Converting from matrix subscripts to linear indices and vice versa:
For that you have sub2ind and ind2sub, respectively. For example, if you want to convert the subscripts [1, 3] in matrix A (corresponding to element 30) into a linear index, you can write sub2ind(size(A), 1, 3) (the result in this case should be 7, of course).
3. Logical Indexing
In logical indexing the subscripts are binary, where a logical 1 indicates that the corresponding element is selected, and 0 means it is not. The subscript vector must be either of the same dimensions as the original matrix or a vector with the same number of elements. For instance, if we have:
A = [10 20 30; 40 50 60; 70 80 90];
and we want to extract A([1 3], [1 2]) using logical indexing, we can do either this:
Ir = logical([1 1 0]);
Ic = logical([1 0 1]);
B = A(Ir, Ic)
or this:
I = logical([1 0 1; 1 0 1; 0 0 0]);
B = A(I)
or this:
I = logical([1 1 0 0 0 0 1 1 0]);
B = A(I)
Note that in the latter two cases is a one-dimensional vector, and should be reshaped back into a matrix if necessary (for example, using reshape).

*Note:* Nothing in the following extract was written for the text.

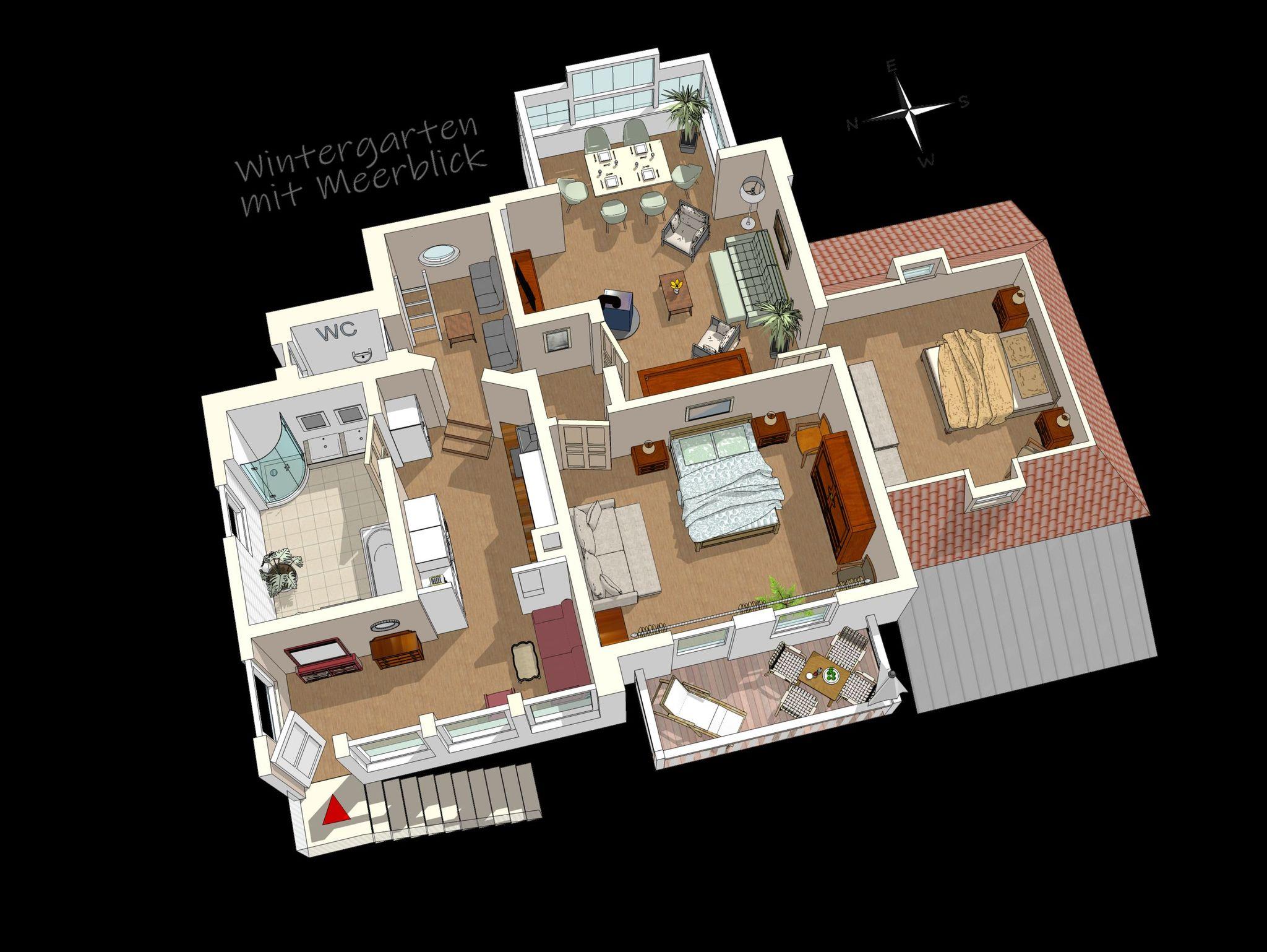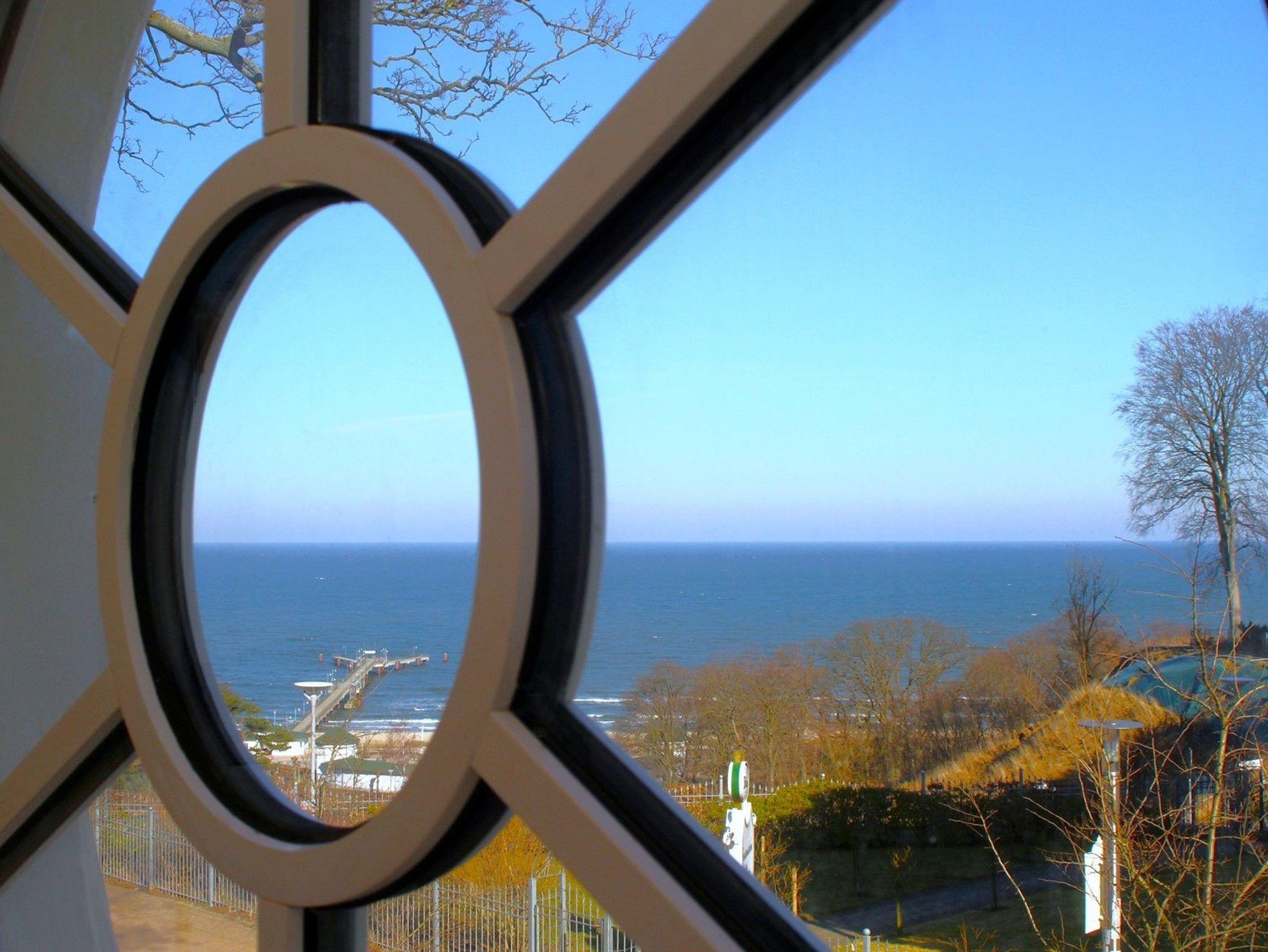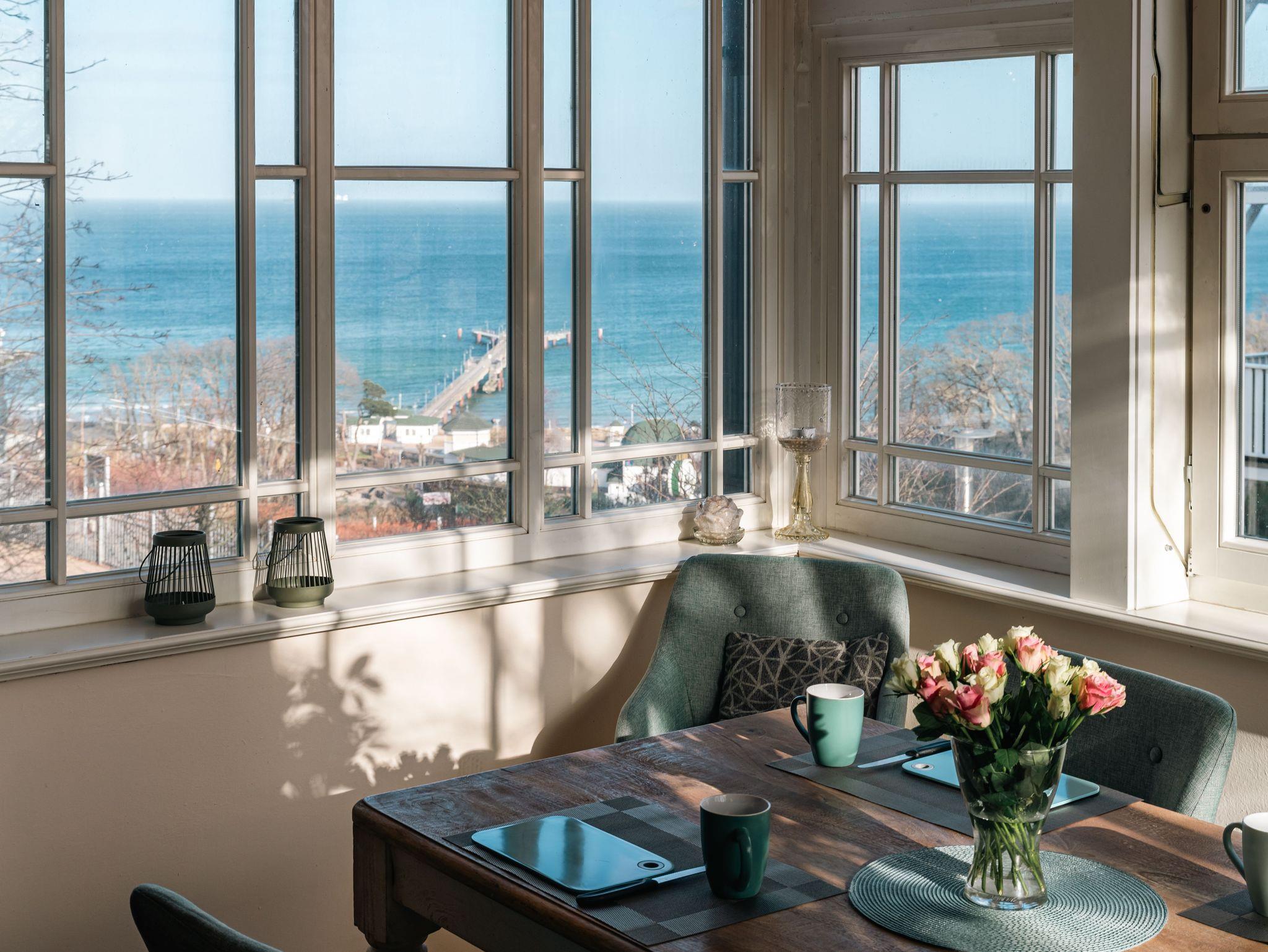 Wohn- und Essbereich im Wintergarten mit traumhaften Meerblick über die Seebrücke und den Strand

Let me explain with an example:
Let's define a 6x6 matrix
A = magic(6)
A =
35 1 6 26 19 24
3 32 7 21 23 25
31 9 2 22 27 20
8 28 33 17 10 15
30 5 34 12 14 16
4 36 29 13 18 11
From this matrix you want the elements in rows 1, 2 and 5, and in the columns 4 and 6
B = A([1 2 5],[4 6])
B =
26 24
21 25
12 16
Hope this helps.
function f = sub(A,i,j)
[m,n] = size(A);
row = 1:m;
col = 1:n;
x = row;
x(i) = [];
y=col;
y(j) = [];
f= A(x,y);
Returns the matrix A, with the ith row and jth column removed.